This paper presents the design and implementation of a remote control system for a bio-inspired jumping robot. The system is composed of a server, a gateway, and a jumping robot. The proposed remote control system is used to monitor the posture of the jumping robot and control it in remote places. A three-axis accelerometer is used to detect the tilts of the robot. A compass is used to sense the azimuth of the robot. The calibrations of the accelerometer and the compass are conducted. The sensor data of the robot can be sent to the server through a ZigBee wireless sensor network (WSN). An algorithm is designed to calculate the posture of the robot from the sensor data.

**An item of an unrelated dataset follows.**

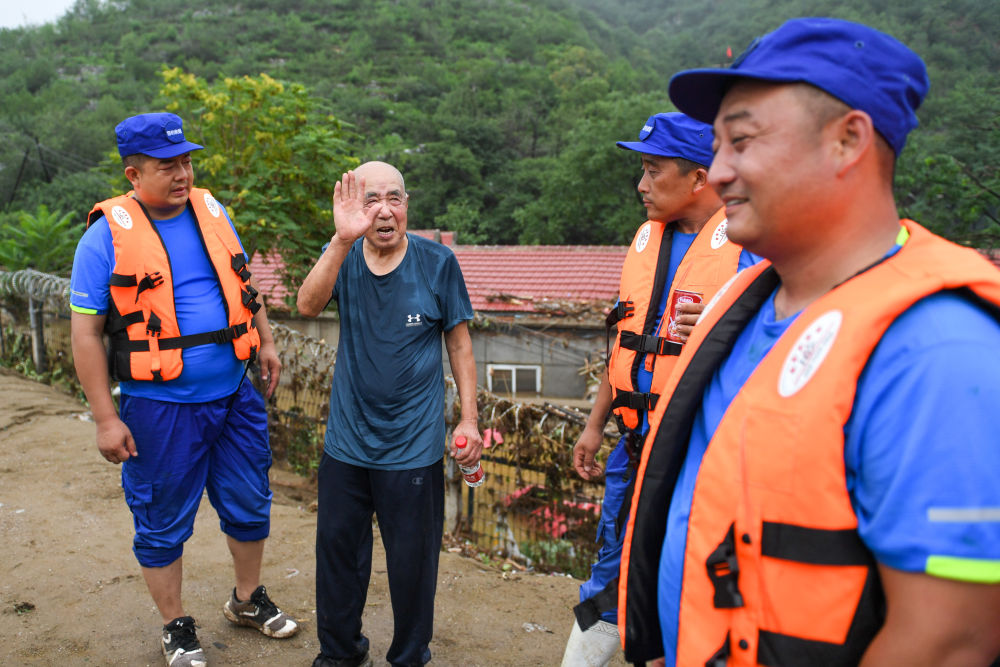 8月1日,在北京市門(mén)頭溝區水峪嘴村,一名87歲的村民向助他脫困的河北秦皇島獵豹救援隊隊員表示感謝。新華社記者 鞠煥宗 攝

The posture of the robot can be displayed on the human-computer interface of the server using the virtual reality technology of OpenGL. The robots can be controlled by the operator through the interface. Two experiments have been done to verify the posture detection method and test the performance of the system.

Keywords

Jumping Robot Remote Control Self-Righting Steering Posture Detection Accelerometer Compass OpenGL

1. Introduction

Mobile robots have been widely used to execute difficult tasks when the working environments are dangerous or even can not be reached by human. Most of the traditional mobile robots use wheeled locomotion manner. In [1, 2] wheeled robots are used in WSN systems to detect intruders in indoor environments. In [3], the authors use a wheeled mobile robot as sink node to cooperate with other static sensor nodes. Wheeled robots have always been confronted with the problem of locomotion in uneven terrains. If obstacles are higher than the radius of their wheels, wheeled robots can not overcome obstacles efficiently.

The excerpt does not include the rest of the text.